ISTANBUL Jan 18, 2016 - 12:00 am GMT+3
 DHA photo
| DHA photo
by Daily Sabah Jan 18, 2016 12:00 am


The captain of a refugee boat, 35 year-old Özkan A. of Turkish nationality, cried as Greek police made him look at three young refugee children's bodies, who drowned as their boat capsized off the Greek island of Agathonisi on Jan. 15.

Özkan A., who reportedly admitted having no experience managing a boat prior to the incident and is a truck driver by profession, was "ordered" to look at the refugees' dead bodies, as a result of which he burst into tears. The 35-year-old man was already reportedly being sought by Turkish police for smuggling refugees.

On January 15, three refugee children drowned to death as a dinghy sank off the Greek island of Agathonisi near Turkey's Didim coast. 20 other people were rescued from the boat.

Greek coast guards then made the boat dock in the island of Samos, and arrested the driver, where he was reportedly forced to kneel and look down on the dead bodies of a four-year-old girl and two two-year-old boys.

Özkan A. first reportedly pretended to be one of the Syrian refugees, but as the police figured out that he was in fact the driver of the boat, the suspect confessed, and told them he was not paid to undertake this job, but instead was made to do it by four men in Turkey.

Turkey's five Aegean provinces, Çanakkale, Balıkesir, İzmir, Muğla and Aydın, are prime spots for refugees leaving Turkey for the EU, with Greek islands lying within sight of the Turkish coast.

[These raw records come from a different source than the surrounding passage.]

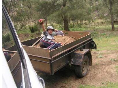
Chilling out on the dirt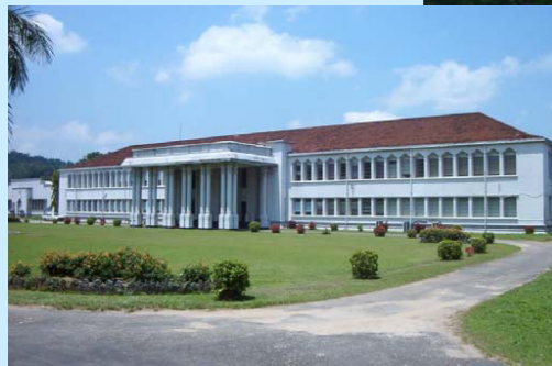
University of Peradeniya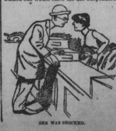
she was shocked.

Those were my exact words, and yet the papers the next day not only gave a garbled and erroneous account of it, but misspelled my name twice. Thus it came to pass that the only time I ever tried to buy any thing in New York, when I had the money to do it with, I met with a rebuke that I can not yet fully understand.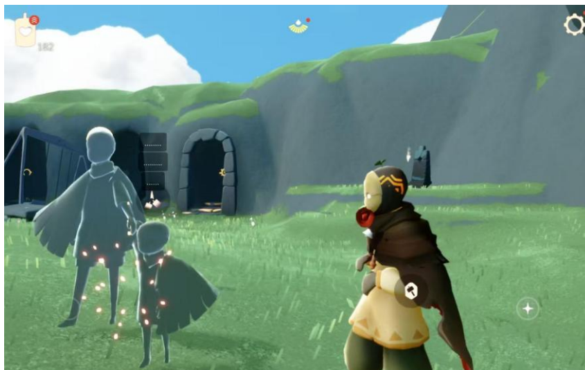
Figure 3. The Screenshot 3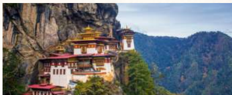
PARO, Tiger Nest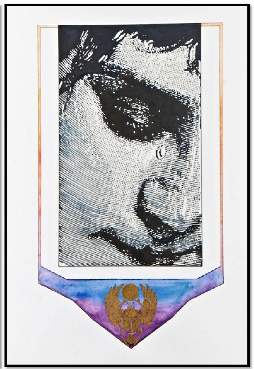
"We were slaves unto Pharaoh in Egypt" Moran Hynal (Munich, Germany)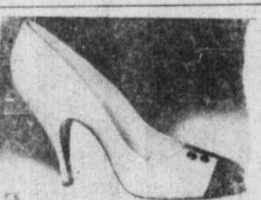
SPECTATOR PUMPS . . . Rose color kidskin in pearly finish makes these morning shoes, with black trim,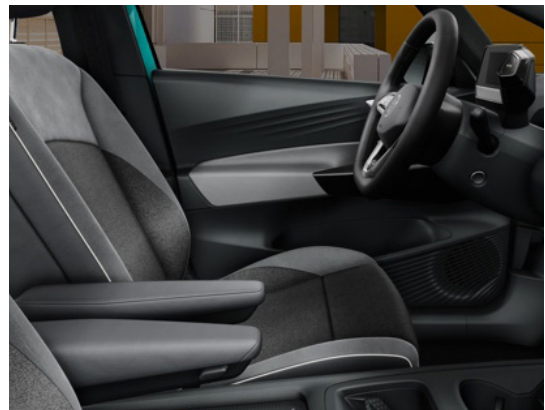
"Flow" 'ArtVelours' Microfleece Platinum Grey/Dusty Grey Dark Standard from ID.3 Business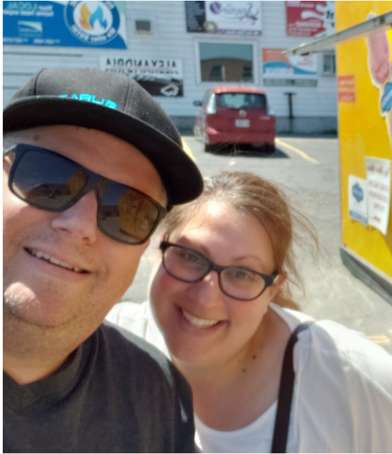
We love exploring new food trucks!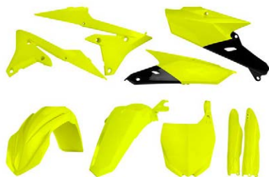
YZ250F:14-18 YZ450F:14-17 FLO-YELLOW-2374184310

• Colors marked with "original" correspond with the original factory colors of this model/year.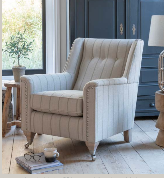
Accent chair in fabric 4550, grey ash/brushed nickel castor legs (GC01). (Shown with optional pewter studding).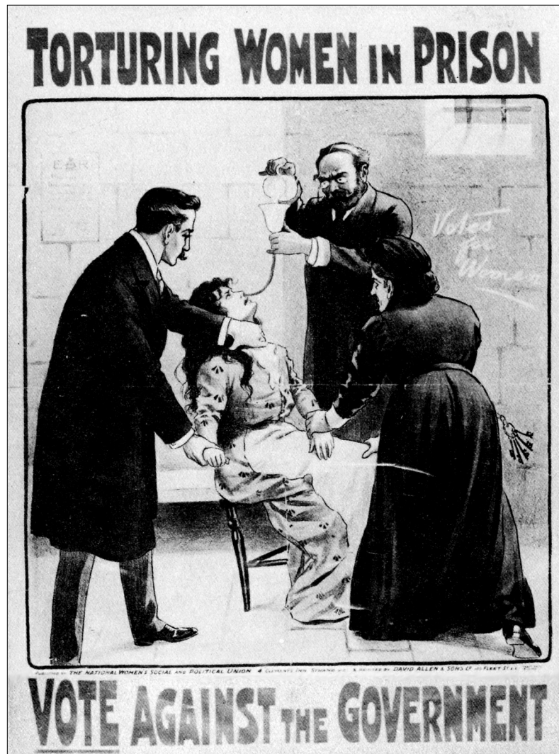
A poster published in 1912.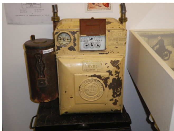
Vintage Gas Meter from the Ryde Gaslight Company.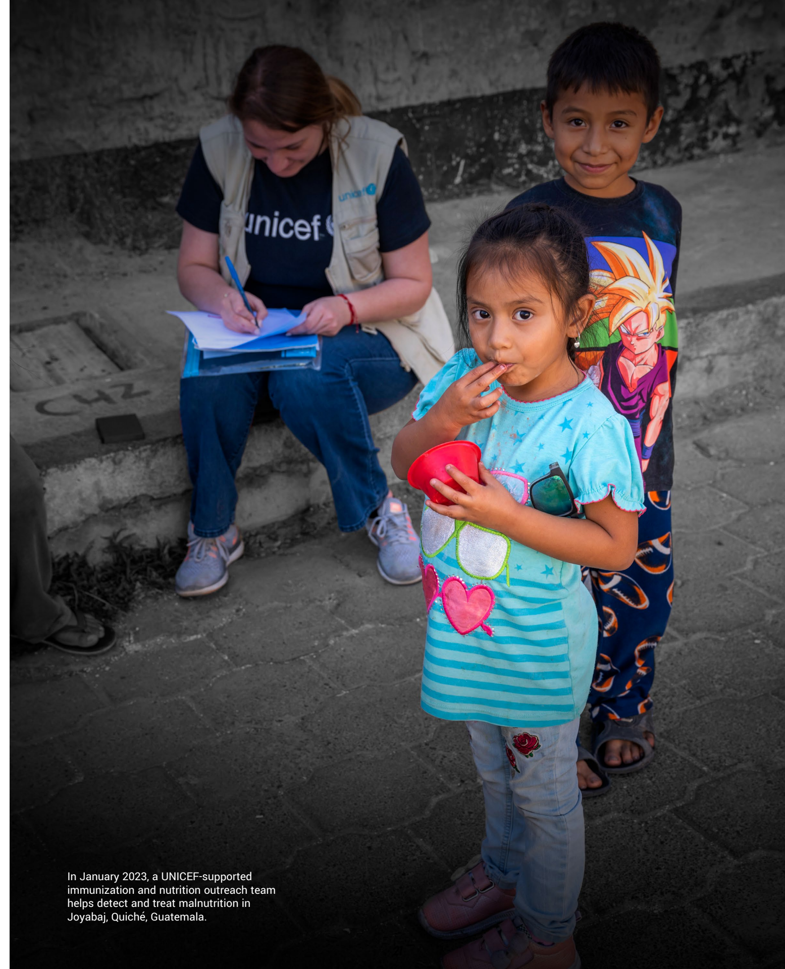
In January 2023, a UNICEF-supported immunization and nutrition outreach team helps detect and treat malnutrition in Joyabaj, Quiché, Guatemala.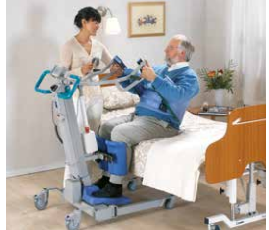
Using SARA 3000, a single carer can raise the resident into a standing position, comfortably and securely.

SARA 3000 makes carers' work easier. It enables safe transfers to be carried out by a single carer, because it completely eliminates manual lifting. The machine raises the resident to a standing position while providing optimum upper body support. Ergonomic design makes SARA 3000 simple and comfortable to operate and control. Easy operation via the handset or mast panel supports safe, efficient transfers, which means the carer can devote more attention to encouraging the resident's active participation in the transfer routine.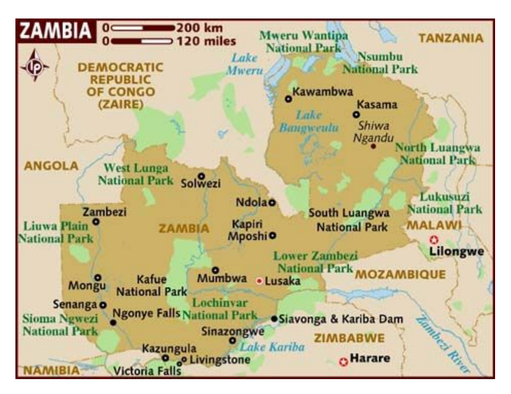
Figure 2: Map of Zambia, accessed on June 14, http://ontheworldmap.com/zambia/

First of all, Zambia (see Figure 2) is a very widespread country, which also holds true for her cities. The city of Lusaka is 412 square kilometres big<sup>2</sup>. The surface in combination with poor infrastructure dating from the early 60's, before independence, add up to constant traffic jams. Because I did not have my own car I relied on taxis and colleagues, which created a certain dependance and limitation to the number of appointments I was able to make on any one day. In addition to this, using public transport in Zambia is time-consuming in itself. Public transport consists of minibuses which are mainly focused on being occupied to the full amount rather than driving the fastest and most efficient route. It could take up to a three hour drive to Kafue, which is only 40 kilometres. This limited my flexibility in terms of going to appointments in different places in the day, which means I would spent most of the day traveling to the different locations.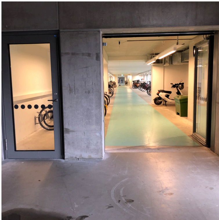
Figure 15 Tenants are expected to be able to use a bicycle or walk. Brf Viva.

The housing project Viva was presented as highly innovative from a green, sustainability perspective. The planning documents also expressed high ambitions in terms of social sustainability. The detailed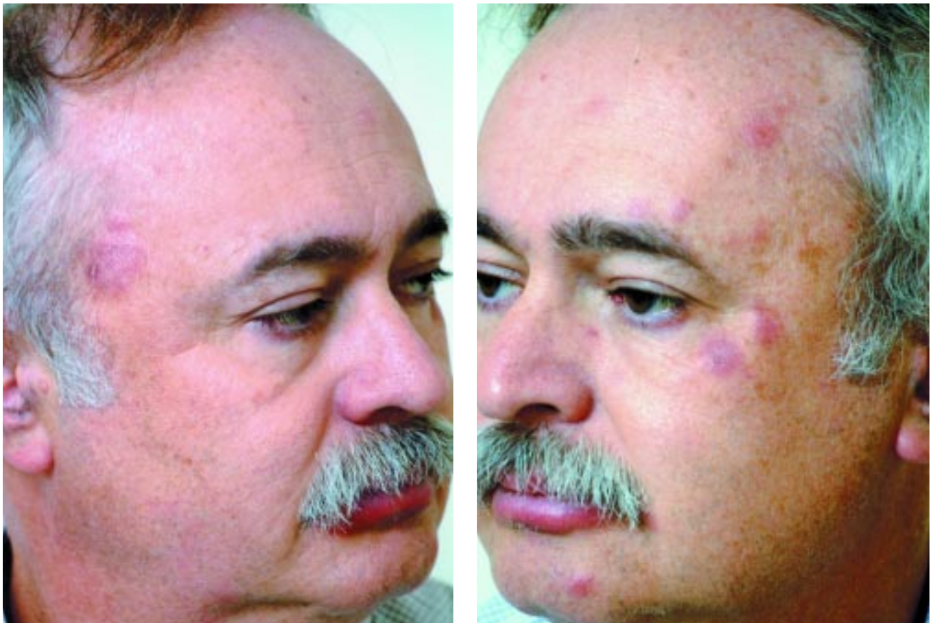
FIGURE 1. The clinical appearance of the multiple facial plaques.

Q: A 52-YEAR-OLD MAN presented to the dermatology clinic with a nonpruritic rash that developed over the past 24 hours. He had no ongoing medical problems and denied taking any medication. He reported having a similar facial eruption 7 months earlier, which had resolved in 2 weeks without treatment. On further questioning, he remembered having taken Aleve (brand of naproxen sodium),

Over the past year, hundreds of thousands have made short but perilous journeys across the Aegean in a bid to reach northern and western Europe in search for a better life. Worsening weather conditions in the winter make the trip even more dangerous.

An estimated 805 people died at sea in the Aegean in 2015, according to the International Organization for Migration. More than 847,000 reached Greece via the Aegean Sea, accounting for 80 percent of the refugees arriving irregularly in Europe by sea in 2015.